Таким образом, выражение, вынесенное в название книги – «инкарнация мысли» – можно трактовать по меньшей мере трояким образом: во-первых, речь идет о самой интуиции воплощенной мысли, которая, как представляется, в равной степени определяет философствование М. М. Бахтина и М. К. Мамардашвили; во-вторых, тот диалог о бытии, который здесь разыгрывается или воспроизводится, также оказывается способом воплощения мысли: последняя становится инкарнированной (М. Бахтин), только встречаясь с принципиально (событийно) иной мыслью; наконец, в-третьих, само предприятие, «следом» которого является текст данной книги, также можно трактовать как попытку воплощения мысли путем прояснения ее исходного парадокса.

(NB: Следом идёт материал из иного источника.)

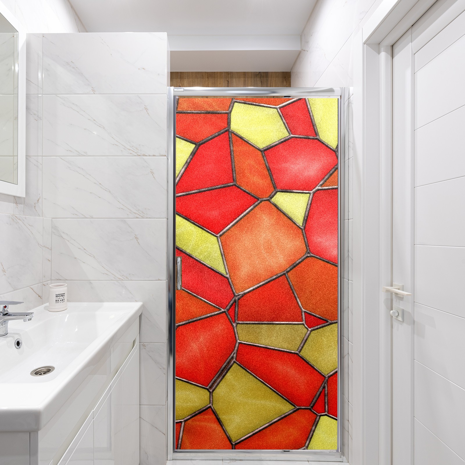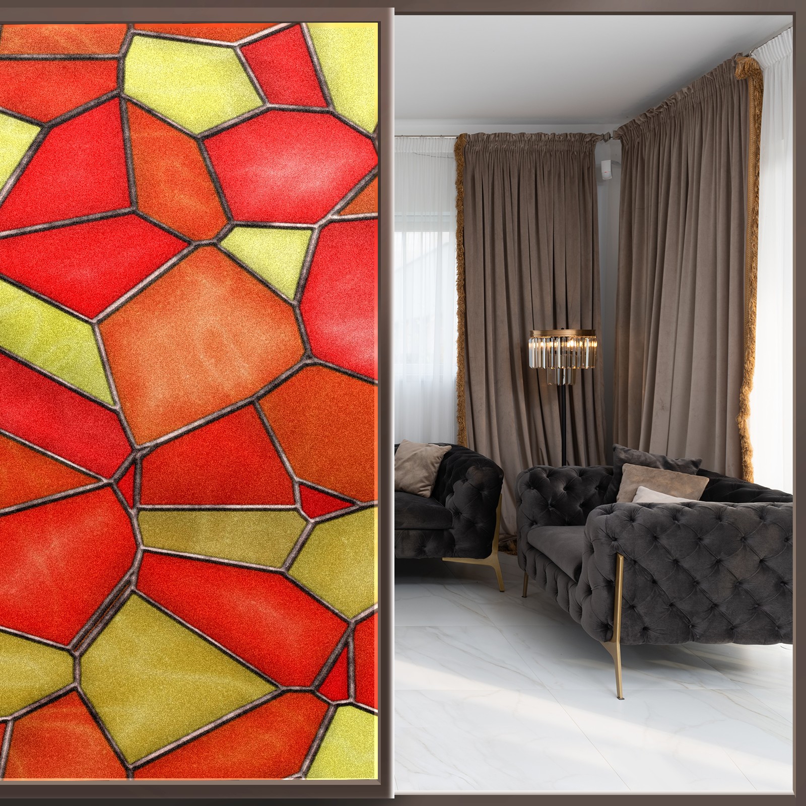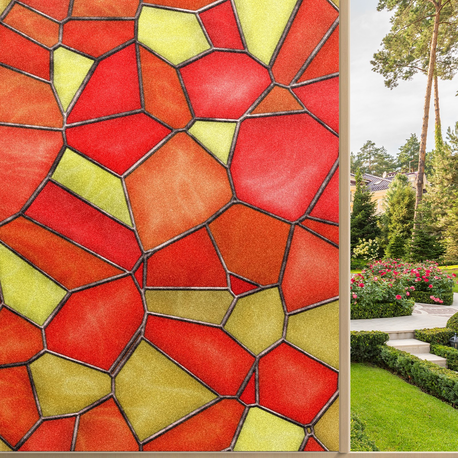 Static Cling Decorative Window Film Frosted Privacy Film Window Clings for Glass Windows No Glue Window Sticker for Bathroom Bedroom Office Red Orange Stained Glass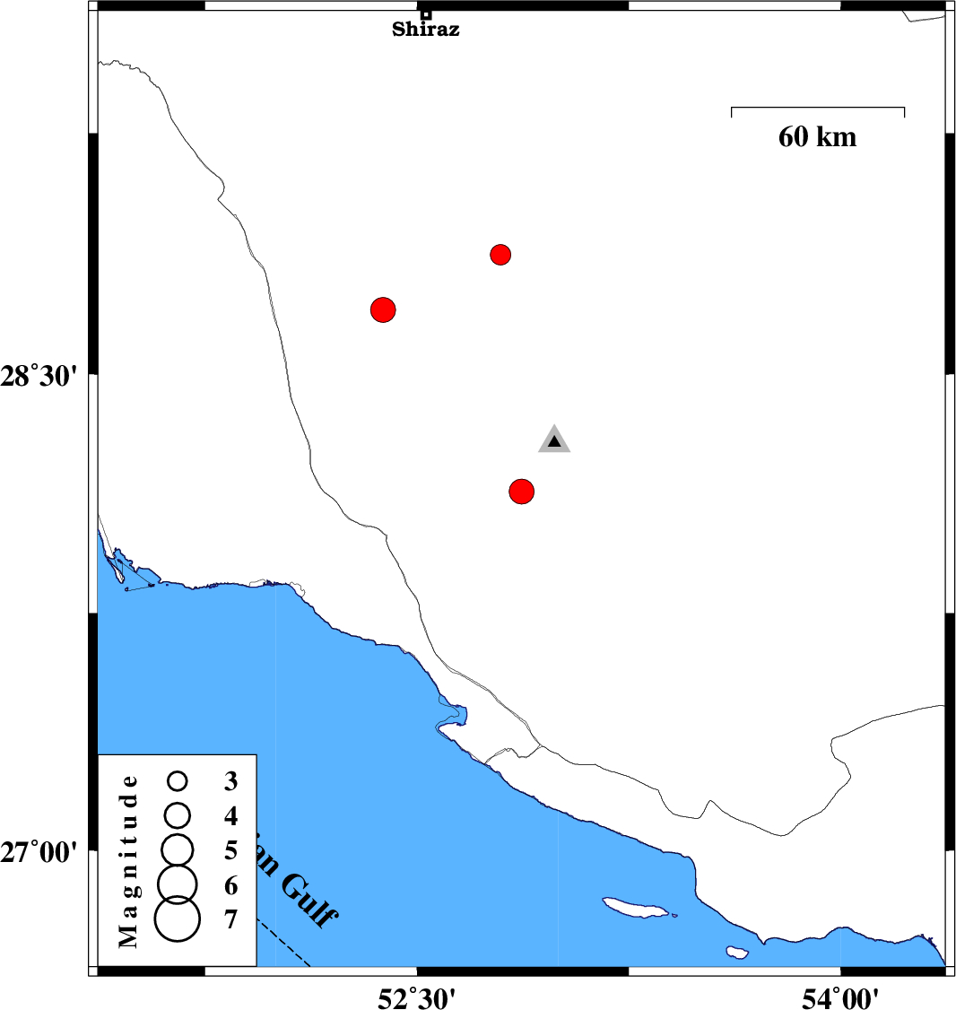 | 2015/06/26 | 05:16:04.2 | 09:46:04.2 | 28.7 | 52.38 | 6 | ML3.9 | Fars Province, 25 km South-West of Firuz Abad |

О том, насколько эту попытку можно считать удавшейся, судить читателю.
ГЛАВА 1
ОТКРЫТИЕ ПРЕДЕЛА РЕФЛЕКСИИ: ОПОЗДАНИЕ К НАЧАЛУ
1.1. Недостижимый исток
Начать мыслить невозможно уже в силу того, что мысли не от чего от-личить себя, оттолкнуться: одной из важнейших задач философии постструктурализма выступает именно разоблачение самой идеи образца, оригинала, в отношении к которому мысль только и обретает смысл и значение. Под вопросом оказывается исходный пункт мышления как такового, с непревзойденной лаконичностью сформулированный Парменидом:
Постструктуралистская мысль строится как раз на принципиальном отказе от поисков того «сущего, о котором она высказана», или от поисков своих истоков, о чем со всей определенностью говорит М. Фуко, формулируя задачу своей «археологии знания»: «Речь идет о том, чтобы проанализировать историю в такой прерывности, которую не может в дальнейшем разрушить никакая телеология, установить ее в таком рассеивании, которое не может ограничить никакой предварительно заданный горизонт, оставить ей возможность разворачиваться в такой анонимности, которой никакое трансцендентальное установление не может навязать форму субъекта, открыть такую темпоральность, которая не допустит никакого возвращения к истокам. Речь идет о том, чтобы искоренить любой трансцендентальный нарциссизм; необходимо вырвать историю из дурной бесконечности обретения и потери истоков, где она томилась долгое время; показать, что история мысли не может играть роль разоблачителя того трансцендентального момента, которым, несмотря на все попытки обнаружить его, не обладает ни механическая рациональность, – после Канта, ни математическая идеальность, – после Гуссерля, ни обозначения воспринимаемого мира, – после Мерло-Понти»3.
2
Цит. по: Фрагменты ранних греческих философов / изд. подгот. А. В. Лебедев. М.: Наука, 1989. С. 291.
3
Фуко М. Археология знания. Киев: Ника-центр, 1996. С. 199.